With the new scope TA you can expect reserve for a long time. We are supposed to take 7 airplanes next year but they always seem to find a way to defer orders. I will believe it when I am flying them. I would be willing to bet the next 15% of our growth will go the regionals. Just a guess though.
Copy dat.
If you were a high powered exec with the shiny degree from Harvard, would you fly a 717 with say a combined pilot hourly rate of $249 (Hawaiian rates, 10yr CAPT, 5yr FO) or would you farm out some flying to a tiny little 76 seater with a combined pilot hourly rate of $123 (Skywest, 10yr CAPT, 5 YR FO)?
Copy dat.
would you fly a 717 with say a combined pilot hourly rate of $249 (Hawaiian rates, 10yr CAPT, 5yr FO) or would you farm out some flying to a tiny little 76 seater with a combined pilot hourly rate of $123 (Skywest, 10yr CAPT, 5 YR FO)?
Copy dat.
If you were a high powered exec with the shiny degree from Harvard, would you fly a 717 with say a combined pilot hourly rate of $249 (Hawaiian rates, 10yr CAPT, 5yr FO) or would you farm out some flying to a tiny little 76 seater with a combined pilot hourly rate of $123 (Skywest, 10yr CAPT, 5 YR FO)?
I don't know much about the TA in regarding the scope, just what I've read here of course. But is it saying that AT can fly 42 airframes up to 76 seats?
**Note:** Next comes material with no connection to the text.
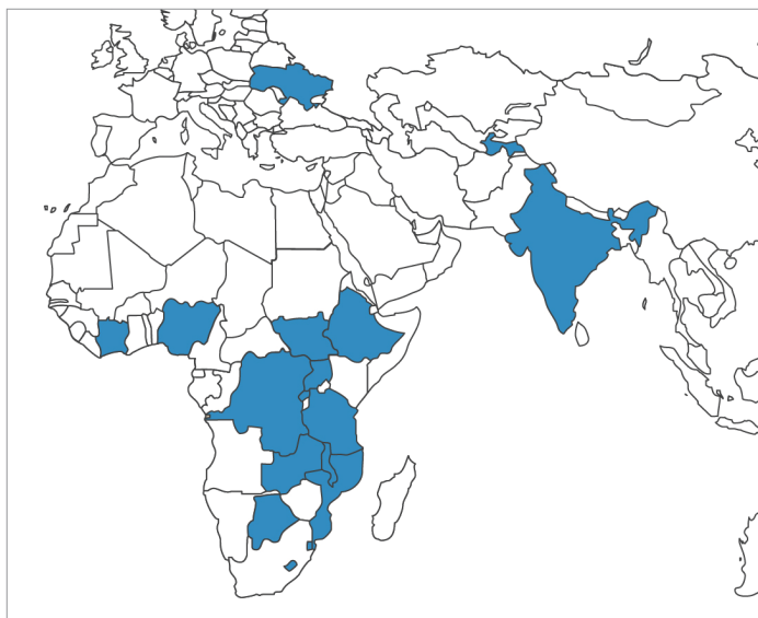
Table 1 (below) presents findings from drug resistance surveillance studies conducted between 2020 and 2022. Clinic-based surveys were conducted in Malawi and Mozambique. Lab-based surveys utilizing CADRE were conducted in Uganda and Ukraine. The surveys provide data to understand levels of drug resistance to DTG-based regimens. Findings indicate that the percentage of patients experiencing clinically significant resistance to DTG-based regimens is low, indicating that DTG-based regimens remain effective for the majority of patients with a high viral load.

CDC is helping build capacity for surveillance, strengthening laboratories, and leading the implementation of CADRE in 15 countries, with support from PEPFAR (Figure 1, right).

Is this something that they want to do or have the option? I know in 2002-2004 when Air Wisconsin was flying as Air Tran Jet Connect. They wanted us to fly 10 70 seater's I believe. It wasn't really profitable on either side and the numbers worked better with the 717!
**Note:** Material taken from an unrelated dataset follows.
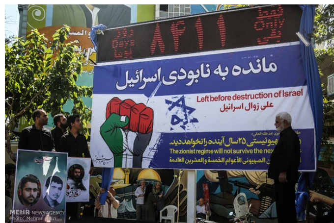
Countdown until Israel's destruction

Overview: Held annually on the last Friday of Ramadan, Quds Day is a day of protest organized by the Iranian government against Israel. Established by Ayatollah Khomeini months after assuming power in 1979, Khomeini envisioned Quds Day as part of a "long-term pragmatic strategy in a bid to launch a justice-based peace in the region and reclaim the rights of the oppressed Palestinian nation," which entails the elimination of "Zionist" control over Israel and the return of Israel to the Palestinians. Iran and its surrogates around the world stage ceremonies which typically feature calls for hostilities against Israel and the elimination of the "Zionist regime. "Death to Israel" is a common chant at the rallies, often accompanied by "Death to America," and flag burning of Iran's chief adversaries are a staple of the events.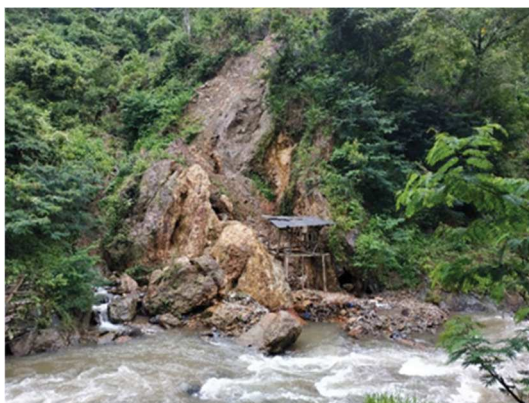
FIGURE 1. The main fault zone in N 330° E direction, is “quartz breccia”.

The geological structures developed in study area are right-lateral strike slip fault in northwest – southeast direction (N 330° E) which is the main fault controlling mineralization in the area and left-lateral strike slip fault in N 030° E direction. Mineral bearing veins were found as quartz veins filling shear joints in N 330° E direction and extension joints in N 005° E direction.

I know our former CEO and Owner has joined the Board of Directors at Air Tran recently. Curious what the benefit is for that!
Does anybody have any insight what the 737/717 mix will be? Just wondering how long I can expect to be on reserve in the 737.
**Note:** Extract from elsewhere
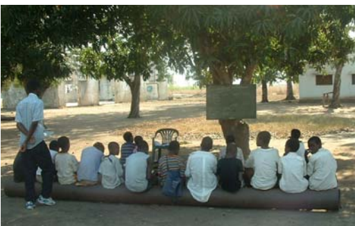
Literacy Class in rural Africa

Planet Aid is recognized by the IRS as a 501 (c)(3) organization. Donations to Planet Aid are tax deductible; IRS Tax ID # 04-3348171.

To simplistic in your thinking guys....The 76 seaters are like crack to Airline CEOs because they push up the seats costs when they go from 117 to 76 - its a supply and demand thing. They can also offer service into places a bigger airplane can't effectively serve.And who is giving up the scope again? Not regional pilots!!! When will major pilots learn to say NO.
However, the fact that it takes 1.5+ 76 seaters to generate the revenue of a 717 will offset the pilot cost difference somewhat.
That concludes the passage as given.